I think the challenge is that, while we agree on the optimal setup, it's almost never done like this. There's lots of reasons why, but the main one (imo) is organizational scaling. The logic of scaling teams tends towards specialization, especially because developer time is extremely expensive.
There are many ways to address the problem of QA. From our perspective, if they don't broaden the ownership of QA from just developers or just QA engineers (which is where all the current products are targeted), they will exacerbate this specialization problem.
>Compare this to code-based automation solutions like Selenium or Cypress, where a coder would need to manually update the code across all the relevant tests any time the product changes.
... Well, no. Those tools can have reusable chunks and references that work just like your steps and are organized in the same manner, so that things used multiple places are stored once and reused. That's a basic programming good practice. When a change is needed to, say, a login flow, you don't change 100 UI tests, you change the login function that those tests are all calling.
> Tests created in code-based automation solutions like Selenium and Cypress evaluate what’s going on in the code behind the scenes of your product’s UI. That is, these solutions test what the computer sees, not what your users see.
and
> For example, if the HTML ID attribute of the signup button in the example above changes, a Selenium or Cypress coded test that identifies that button by its ID would likely break.

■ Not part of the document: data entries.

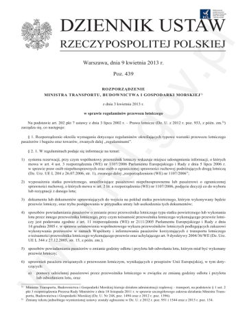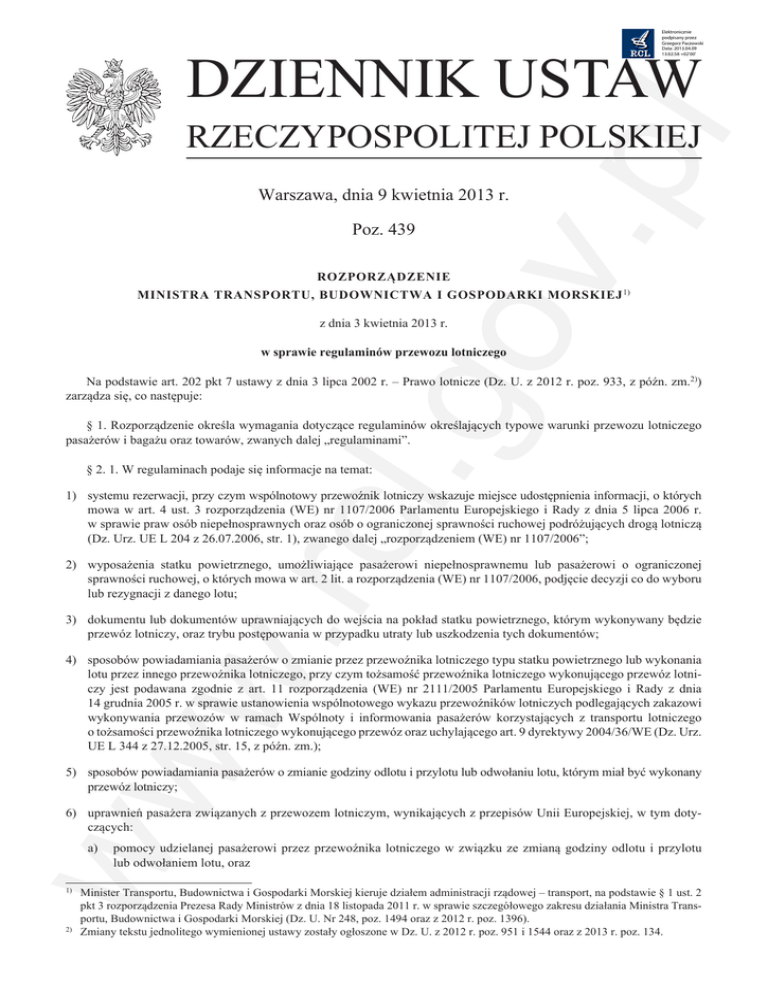 Elektronicznie podpisany przez Grzegorz Paczowski Data: 2013.04.09 13:02:58 +02'00' DZIENNIK USTAW v.p l RZECZYPOSPOLITEJ POLSKIEJ Warszawa, dnia 9 kwietnia 2013 r. Poz. 439 ROZPORZĄDZENIE MINISTRA TRANSPORTU, BUDOWNICTWA I GOSPODARKI MORSKIEJ 1) .go z dnia 3 kwietnia 2013 r. w sprawie regulaminów przewozu lotniczego Na podstawie art. 202 pkt 7 ustawy z dnia 3 lipca 2002 r. – Prawo lotnicze (Dz. U. z 2012 r. poz. 933, z późn. zm.2)) zarządza się, co następuje: § 1. Rozporządzenie określa wymagania dotyczące regulaminów określających typowe warunki przewozu lotniczego pasażerów i bagażu oraz towarów, zwanych dalej „regulaminami”. § 2. 1. W regulaminach podaje się informacje na temat: w. rcl 1) systemu rezerwacji, przy czym wspólnotowy przewoźnik lotniczy wskazuje miejsce udostępnienia informacji, o których mowa w art. 4 ust. 3 rozporządzenia (WE) nr 1107/2006 Parlamentu Europejskiego i Rady z dnia 5 lipca 2006 r. w sprawie praw osób niepełnosprawnych oraz osób o ograniczonej sprawności ruchowej podróżujących drogą lotniczą (Dz. Urz. UE L 204 z 26.07.2006, str. 1), zwanego dalej „rozporządzeniem (WE) nr 1107/2006”; 2) wyposażenia statku powietrznego, umożliwiające pasażerowi niepełnosprawnemu lub pasażerowi o ograniczonej sprawności ruchowej, o których mowa w art. 2 lit. a rozporządzenia (WE) nr 1107/2006, podjęcie decyzji co do wyboru lub rezygnacji z danego lotu; 3) dokumentu lub dokumentów uprawniających do wejścia na pokład statku powietrznego, którym wykonywany będzie przewóz lotniczy, oraz trybu postępowania w przypadku utraty lub uszkodzenia tych dokumentów; ww 4) sposobów powiadamiania pasażerów o zmianie przez przewoźnika lotniczego typu statku powietrznego lub wykonania lotu przez innego przewoźnika lotniczego, przy czym tożsamość przewoźnika lotniczego wykonującego przewóz lotniczy jest podawana zgodnie z art. 11 rozporządzenia (WE) nr 2111/2005 Parlamentu Europejskiego i Rady z dnia 14 grudnia 2005 r. w sprawie ustanowienia wspólnotowego wykazu przewoźników lotniczych podlegających zakazowi wykonywania przewozów w ramach Wspólnoty i informowania pasażerów korzystających z transportu lotniczego o tożsamości przewoźnika lotniczego wykonującego przewóz oraz uchylającego art. 9 dyrektywy 2004/36/WE (Dz. Urz. UE L 344 z 27.12.2005, str. 15, z późn. zm.); 5) sposobów powiadamiania pasażerów o zmianie godziny odlotu i przylotu lub odwołaniu lotu, którym miał być wykonany przewóz lotniczy; 6) uprawnień pasażera związanych z przewozem lotniczym, wynikających z przepisów Unii Europejskiej, w tym dotyczących: a) pomocy udzielanej pasażerowi przez przewoźnika lotniczego w związku ze zmianą godziny odlotu i przylotu lub odwołaniem lotu, oraz Minister Transportu, Budownictwa i Gospodarki Morskiej kieruje działem administracji rządowej – transport, na podstawie § 1 ust. 2 pkt 3 rozporządzenia Prezesa Rady Ministrów z dnia 18 listopada 2011 r. w sprawie szczegółowego zakresu działania Ministra Transportu, Budownictwa i Gospodarki Morskiej (Dz. U. Nr 248, poz. 1494 oraz z 2012 r. poz. 1396). 2) Zmiany tekstu jednolitego wymienionej ustawy zostały ogłoszone w Dz. U. z 2012 r. poz. 951 i 1544 oraz z 2013 r. poz. 134. 1) Dziennik Ustaw –2– Poz. 439 b) uprawnień pasażera w przypadku niewykonania umowy przewozu lotniczego z przyczyn leżących po stronie przewoźnika lotniczego, w szczególności dotyczących zwrotu kosztów zakupu biletu v.p l – z uwzględnieniem przepisów rozporządzenia (WE) nr 261/2004 Parlamentu Europejskiego i Rady z dnia 11 lutego 2004 r. ustanawiającego wspólne zasady odszkodowania i pomocy dla pasażerów w przypadku odmowy przyjęcia na pokład albo odwołania lub dużego opóźnienia lotów, uchylającego rozporządzenie (EWG) nr 295/91 (Dz. Urz. UE L 46 z 17.02.2004, str. 1, z późn. zm.; Dz. Urz. UE Polskie wydanie specjalne, rozdz. 7, t. 8, str. 10, z późn. zm.); 7) obowiązku przewoźnika lotniczego dotyczącego przekazywania uprawnionym organom państwowym danych osobowych pasażerów, jeżeli żądanie ich przekazania następuje na podstawie przepisów prawa; 8) wymagań i procedur dotyczących odprawy pasażerskiej; 9) wymagań i procedur dotyczących odprawy bagażu pasażera, w tym bagażu wolnego od opłat; 10) warunków dokonywania, potwierdzania lub anulowania rezerwacji; 12) dodatkowych opłat lub ulg; .go 11) obowiązku przewoźnika lotniczego dotyczącego wskazywania ostatecznej ceny zgodnie z art. 23 rozporządzenia Parlamentu Europejskiego i Rady (WE) nr 1008/2008 z dnia 24 września 2008 r. w sprawie wspólnych zasad wykonywania przewozów lotniczych na terenie Wspólnoty (Dz. Urz. UE L 293 z 31.10.2008, str. 3); 13) przepisów o charakterze porządkowym dotyczących sposobu postępowania przewoźnika lotniczego wobec pasażerów, których zachowanie zagraża bezpieczeństwu lub narusza porządek na pokładzie statku powietrznego, oraz o uprawnieniach przewoźnika lotniczego do dochodzenia roszczeń wobec pasażera, który wyrządził szkodę innemu pasażerowi lub przewoźnikowi lotniczemu; 14) wymagań i procedur dotyczących odbioru bagażu; w. rcl 15) konsekwencji dla pasażera związanych z naruszaniem przez niego wymagań i procedur dotyczących odprawy pasażerskiej; 16) odpowiedzialności przewoźnika lotniczego oraz trybu wszczęcia postępowania w sprawach dotyczących odszkodowań z tytułu śmierci, uszczerbku na zdrowiu oraz utraty lub uszkodzenia bagażu pasażera; 17) warunków unieważnienia, odstąpienia oraz wypowiedzenia zawartej umowy na przewóz lotniczy; 18) świadczenia przez przewoźnika lotniczego dodatkowych usług; 19) listy przedmiotów zabronionych do przewozu lotniczego, w tym listy towarów niebezpiecznych, o których mowa w Załączniku 18 do Konwencji o międzynarodowym lotnictwie cywilnym, podpisanej w Chicago dnia 7 grudnia 1944 r. (Dz. U. z 1959 r. Nr 35, poz. 212 i 214, z późn. zm
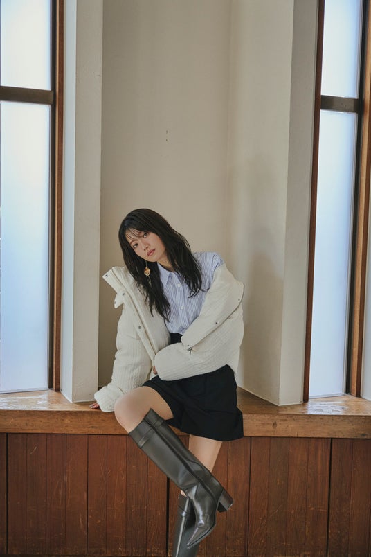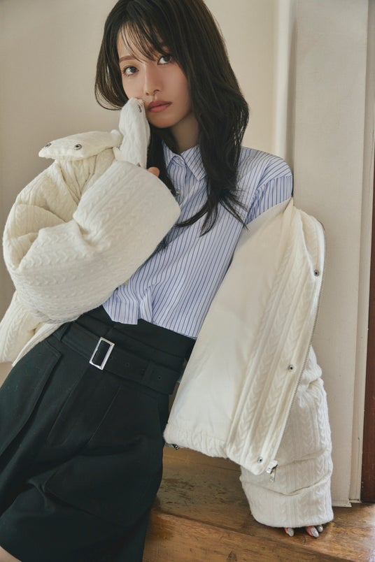 新鮮さに心躍る、最旬のエレメント。温もりが心地よいニットダウンは、ストライプシャツとのコントラストが今の気分にぴったりなバランスに。
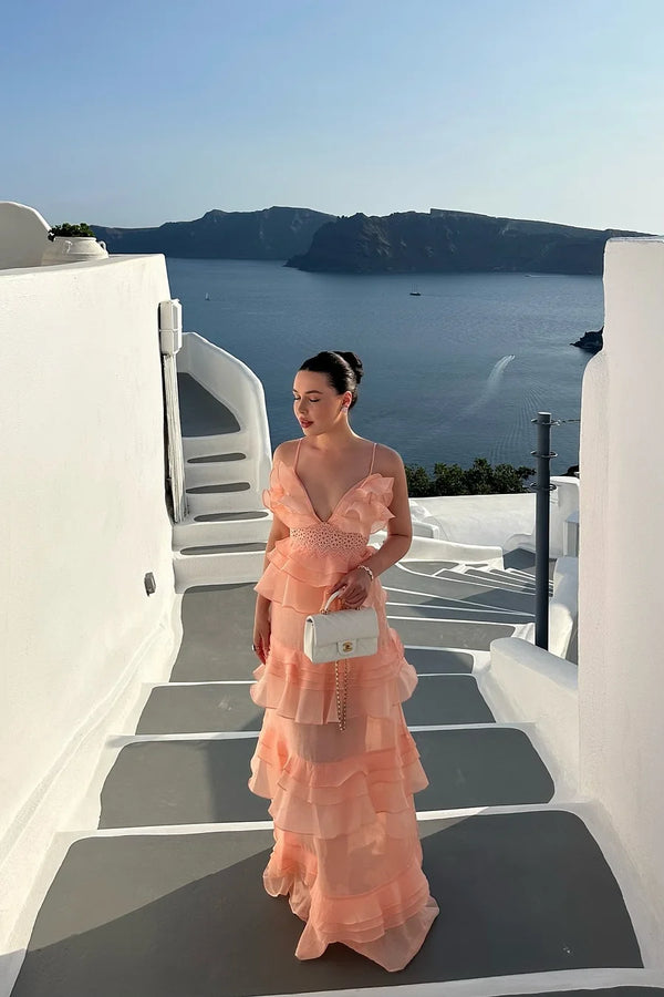 Elegant Coral Spaghetti Strap A-Line Long Prom Dress Ideas, Evening Party Dresses, OLP1400
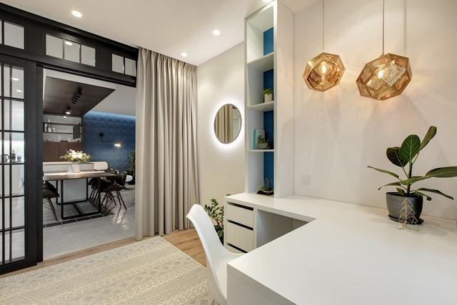 客房還包括家庭辦公室,它配備了一個內置的桌子和附加的架子。兩個美麗的幾何吊燈懸在工作臺上。
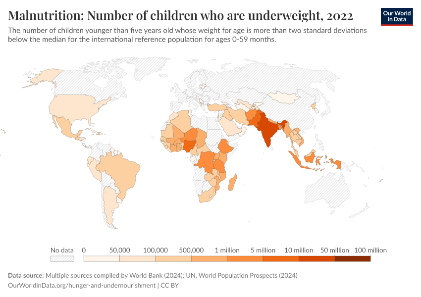 “Data Page: Number of underweight children”. Our World in Data (2026). Data adapted from UNICEF, WHO, World Bank, United Nations. Retrieved from https://update-wdi-2026-02-27.owid.pages.dev:8789/20260119-070102/grapher/number-of-children-who-are-underweight.html [online resource] (archived on January 19, 2026).How to cite this data
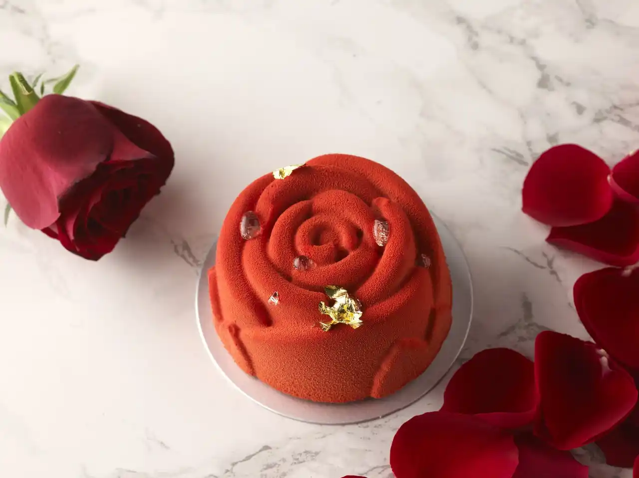 愛と美の象徴である赤いバラをかたどった「ルージュショコラ」は、女性の心をときめかせる優美な佇まい。テイクアウトはもちろん、イートインでもお楽しみいただけます。 |
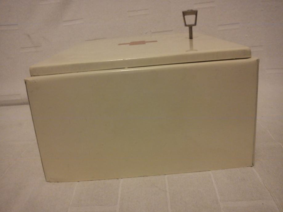 Ormarić prve pomoći, metalni, odlično očuvan, nikada nije bio na zidu, skoro kao nov, ima samo nekoliko rubnih nedostataka.
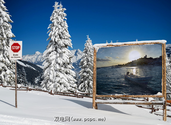 在下面的示例中,您可以看到我放置了我的一个阳光明媚的假期之一是在滑雪坡广告牌上。有趣的并置,我相信您会同意。
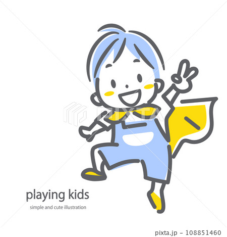 ごっこ遊びを楽しむ男の子 シンプルでかわいい線画イラスト
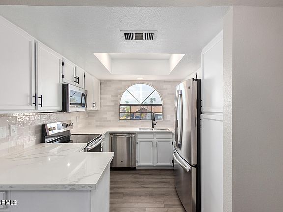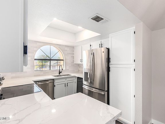 Welcome to Fiesta Park Village, where this BEAUTIFULLY UPDATED unit awaits you! Providing 2 beds & 2 baths, it perfectly blends modern style and comfort. Fabulous interior offers NEWER features that you'll surely love! Natural light filled the spaces, complemented by a fresh neutral palette, new lvp flooring, and new ceiling fans & light fixtures. Discover the large living room that boasts vaulted ceilings w/exposed beam! The spotless eat kitchen has new SS appliances, quartz counters, subway tile backsplash, & white cabinetry. Main bedroom includes an ensuite w/dual quartz sinks & two closets. Laundry room displays shelving. Check out the cozy balcony, an ideal spot for relaxing! The 2 assigned parking spaces is a plus. Enjoy the Community pool just nearby! Make it yours!
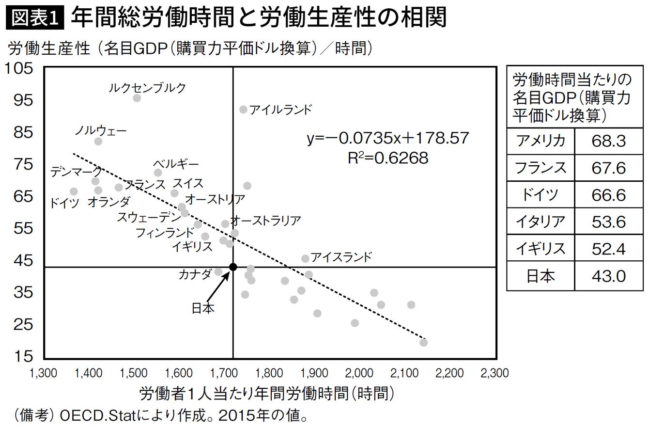 出典:神ノ田昌博「労働時間と労働生産性」. 独立行政法人労働者健康安全機構「産業保健21」2018年10月 94号より
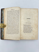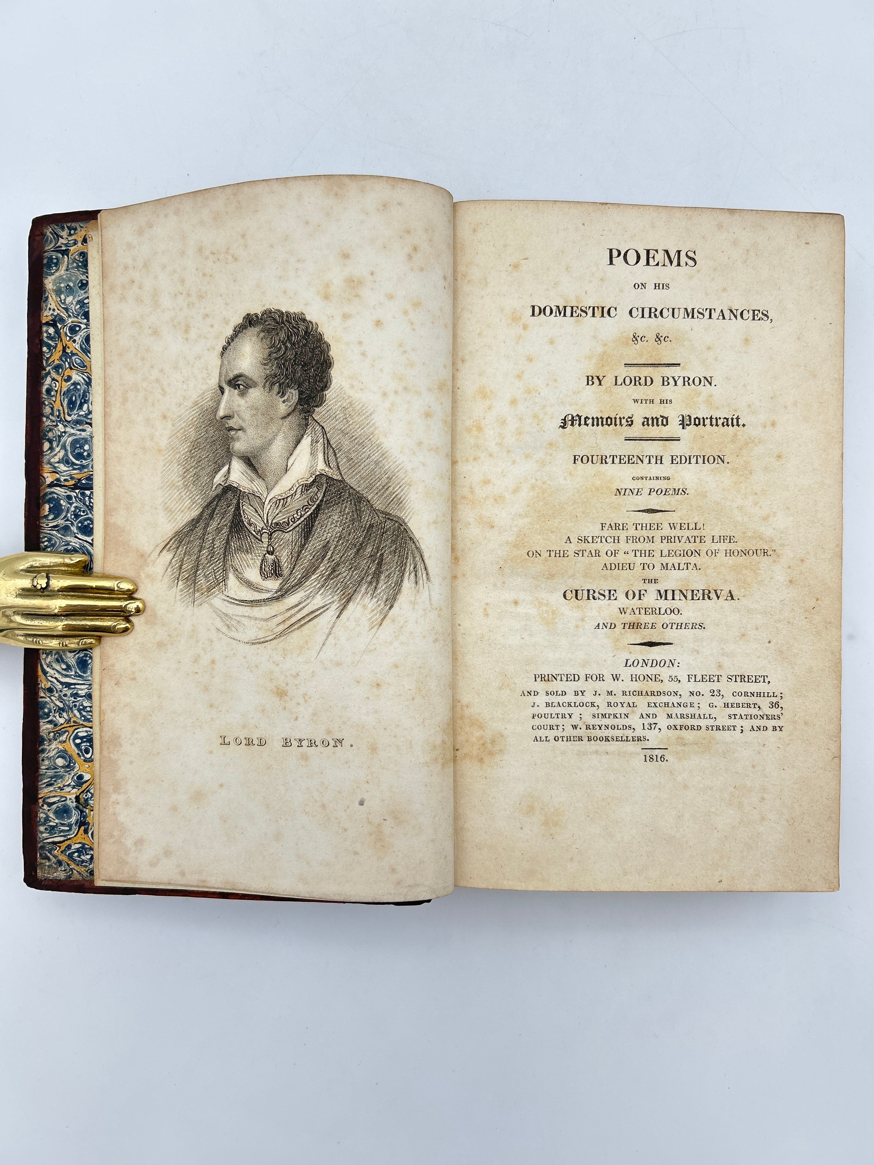 Rich brown leather with gold tooling on spine, gold title tooled on spine, intact, marble end papers, intact, good condition.
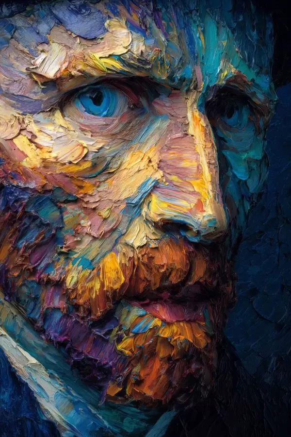 Poster Portret decorativ Van Gogh: pictură în relief în tonuri de albastru și portocaliu Nr f45546
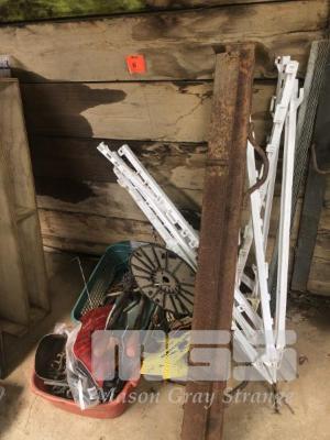 ASSORTED FENCING EQUIPMENT, STRAINER, TOOLS, CABLE etc.

This is all very disingenuous in my book. In these tools the tests interact with the rendered web page and _can_ be made to use IDs, classes, and other brittle stuff as selectors, but that's a naive approach that a professional wouldn't typically use, because the brittleness surfaces early and there are better patterns that avoid it. One of those is to use selectors based on something that itself should be present - eg, click a button based on its label being "Log In". If that test fails because the button label was changed or removed, that's a reasonable failure, because labels are important in the UI. In the case where we are selecting/making assertions about DOM elements that don't have meaningful user-facing labels, dedicated test-id attributes solve the brittleness problem. But by and large, if something is interactive to the user, it should have a label, so the fallback to test attrs for selectors is rare, and used for the case where we want to measure some specific effect took place that is not itself an interactive element.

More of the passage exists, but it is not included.